An optimal glycaemic control delays the onset of pathological albuminuria and progression to overt proteinuria (Evidence 1A). Additionally, in some studies, optimal glycaemic control slows CKD progression (Evidence 1B), minimizes vascular damage, especially in the presence of CKD, and reduces comorbidities and mortality (Evidence 1A). However, tight metabolic control is only recommended in DM patients with DKD when hypoglycaemia episodes are minimized (Evidence 1B) [8, 9]. In this regard, there is growing evidence of a nephroprotective effect of some glucagon-like peptide 1 receptor agonists as well as of drugs with a kidney site of action, sodium–glucose 2 transporter (SGLT2) inhibitors [21-23]. These drugs also decrease the risk of cardiovascular events even in non-diabetics [24]. While SGLT2 inhibitors are not currently indicated for patients with more advanced CKD, this may change soon given the cardiovascular and renal benefits [25]. Moreover, they do not increase the risk of hypoglycaemia. The availability of antidiabetic drugs that do not increase the risk of hypoglycaemia may further allow a tighter but still safe glycaemic control in CKD patients. Interestingly, SGLT2 inhibitors may allow deprescription of drugs [24]. This is especially interesting in diabetic patients with CKD who frequently receive multiple medications, thus compromising compliance with antidiabetic drugs and increasing the risk of medication discrepancies resulting in physicians not knowing which drugs patients are actually taking [26, 27].

In conclusion, the increasing global health burden of CKD, driven in large part by DKD, the suboptimal impact of routine care on DKD outcomes as compared with other DM complications, the realization that successful therapy of CKD requires early diagnosis and intervention, the advances in earlier diagnosis of kidney injury, and the recent availability of antidiabetic drugs with a renal mechanism of action and lack of hypoglycaemia risk, which additionally are cardio- and nephroprotective, all point towards a paradigm change in the care for DM patients in which DM patients should be referred earlier to the nephrologist as part of a coordinated and integrated care approach that actively addresses the early stages of renal disease instead of trying to address kidney disease when it is too late to salvage the kidneys as the need for RRT is approaching. We need to practice the ancient aphorism ‘primum non nocere’ and consider the benefits of an early preventive multidisciplinary intervention.

FUNDING

Sources of support: FIS/Fondos FEDER PI18/01386, PI19/00588, PI19/00815, DTS18/00032, ERA-PerMed-JTC2018 (KIDNEY ATTACK AC18/00064 and PERSTIGAN AC18/00071, ISCIII-RETIC REDinREN RD016/0009), Sociedad Española de Nefrología, FRIAT, Comunidad de Madrid en Biomedicina B2017/BMD-3686 CIFRA2-CM.

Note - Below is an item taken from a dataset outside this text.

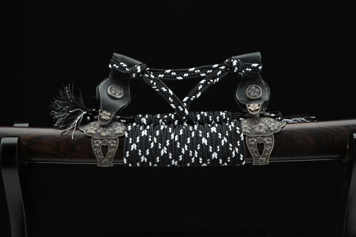• Saya (鞘): Lacquered wood scabbard reinforced with a leather frame and sageo for durability and elegance.
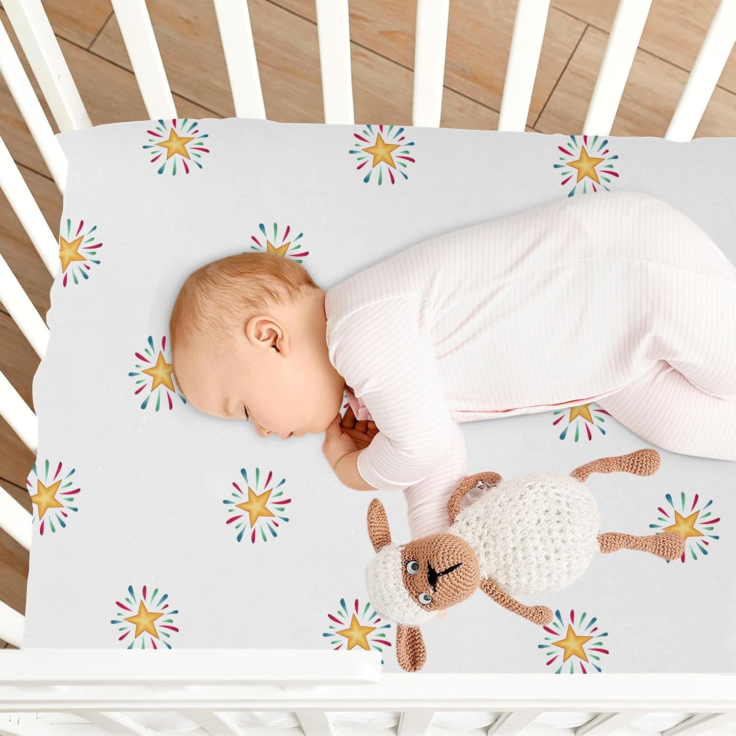 【Premium Material】:Gbjiemia crib sheets are made from high-quality imitation cotton modal, consisting of 95% polyester and 5% spandex. This blend ensures that our baby bassinet sheets are soft, breathable, and skin-friendly, providing optimal comfort for your little ones while they sleep or play

CONFLICT OF INTEREST STATEMENT

A.O. is a consultant for Sanofi Genzyme, has received speaker fees from Shire, Amicus, Amgen, Otsuka, Mundipharma, Fresenius Medical Care, Kyowa-Kirin, Astra-Zeneca and Menarini, and directs the Mundipharma-Universidad Autónoma de Madrid (UAM) cátedra de Diabetes y Enfermedad Renal. M.J.S. is a consultant for NovoNordisk and has received speaker fees form Janssen, Boehringer, Eli Lilly, AstraZeneca and Esteve. B.F.-F. has served as consultant for Mundipharma and reports speaker fees or travel support from Abbvie, Astrazeneca, Boehringer Ingelheim, Esteve, Menarini, Novartis and Novonordisk. J.L.G. has served as consultant for Boëhringer-Ingelheim, Mundipharma, AstraZeneca and Novonordisk, and has received speaker honoraria from Boëhringer-Ingelheim, Mundipharma, AstraZeneca, Novonordisk, Novartis and Eli Lilly. J.F.N.-G. has served as a consultant and has received speaker fees or travel support from Abbvie, Amgen, AstraZeneca, Boehringer Ingelheim, Esteve, Genzyme, Lilly, Novartis, Servier, Shire and Vifor Fresenius Medical Care, and Renal Pharma. A.M.-C. is a consultant for Boehringer-Ingelheim, Lilly, Esteve and Merck-Sharp-Dhôme, and has received speaker fees from Boëringer-Ingelheim, Lilly, Novo-Nordisk and Esteve.